Give again only the lines from the line that holds "Jos olit tarkkana" to the end of the data, inclusive, omitting all pictures.

(Beginning of Exercise data)

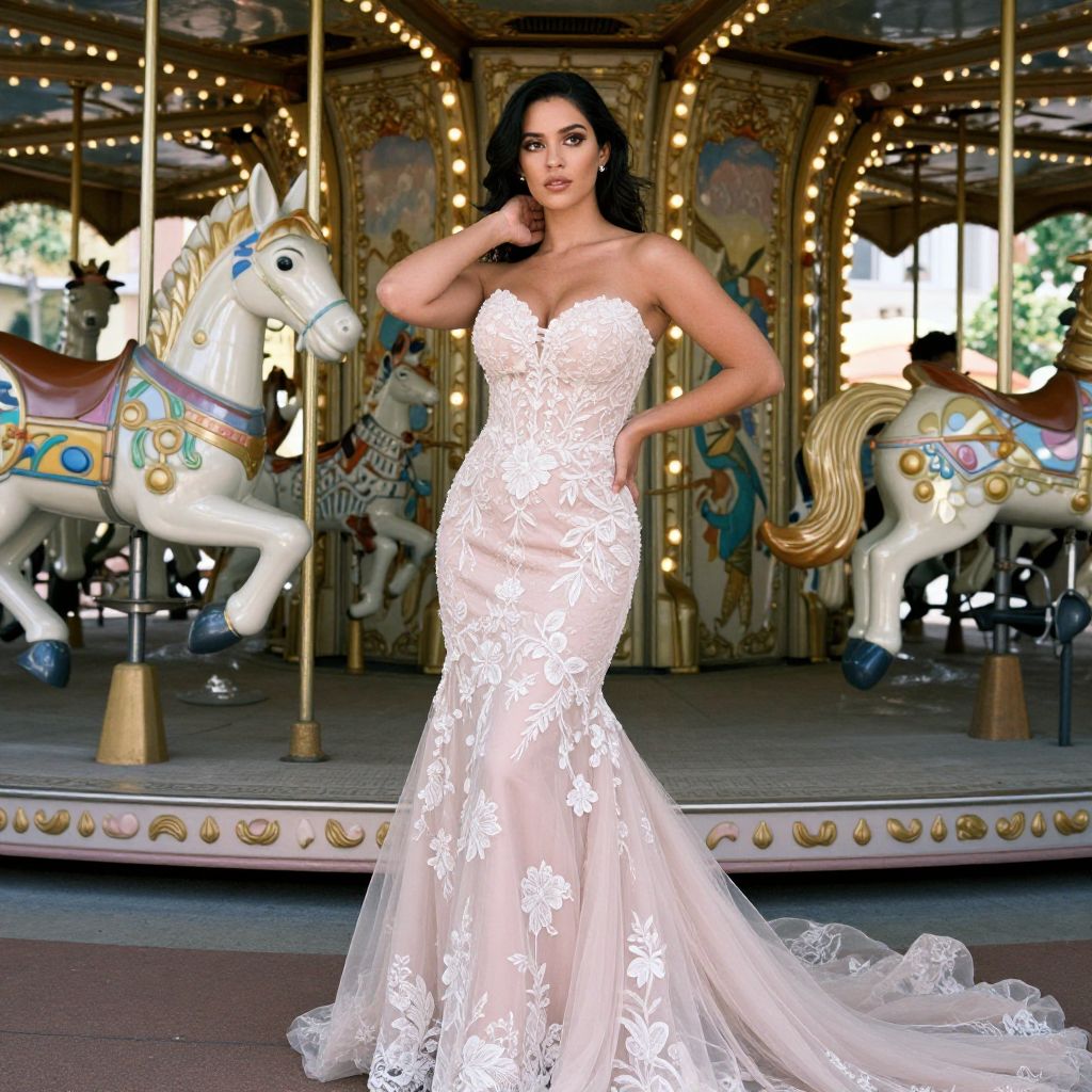 Elegant Romantic Woman in Lace Gown
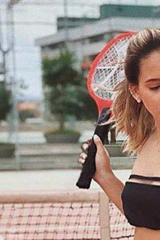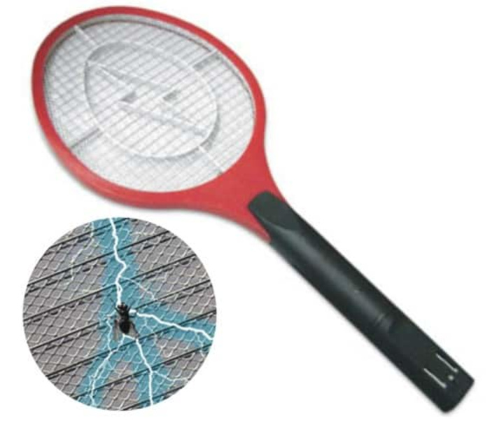 Jos olit tarkkana niin huomasit ettei nainen pitele kädessään tennismailaa. Todellisuudessa hänellä oli kädessään sähkökärpäslätkä, joka tosin kaukaa katsottuna muistuttaa erittäin paljon tennismailaa.
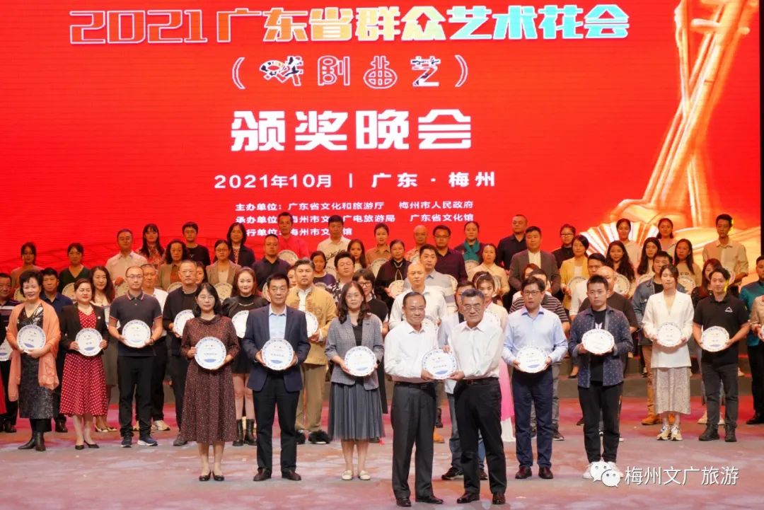 2021年,梅州市高水平承办了2021广东省群众艺术花会(戏剧曲艺),获评“优秀组织奖”“特别贡献奖”,获2金4铜佳绩,创下全市近年来的最好成绩。山歌剧《白鹭村》《林风眠》,音乐剧《血色三河》,广东汉剧《李坚真》赴广州参加“永远跟党走”——广东省庆祝中国共产党成立 100周年百场精品展演。

(End of Exercise data)

[Answer below]
 Jos olit tarkkana niin huomasit ettei nainen pitele kädessään tennismailaa. Todellisuudessa hänellä oli kädessään sähkökärpäslätkä, joka tosin kaukaa katsottuna muistuttaa erittäin paljon tennismailaa.
 2021年,梅州市高水平承办了2021广东省群众艺术花会(戏剧曲艺),获评“优秀组织奖”“特别贡献奖”,获2金4铜佳绩,创下全市近年来的最好成绩。山歌剧《白鹭村》《林风眠》,音乐剧《血色三河》,广东汉剧《李坚真》赴广州参加“永远跟党走”——广东省庆祝中国共产党成立 100周年百场精品展演。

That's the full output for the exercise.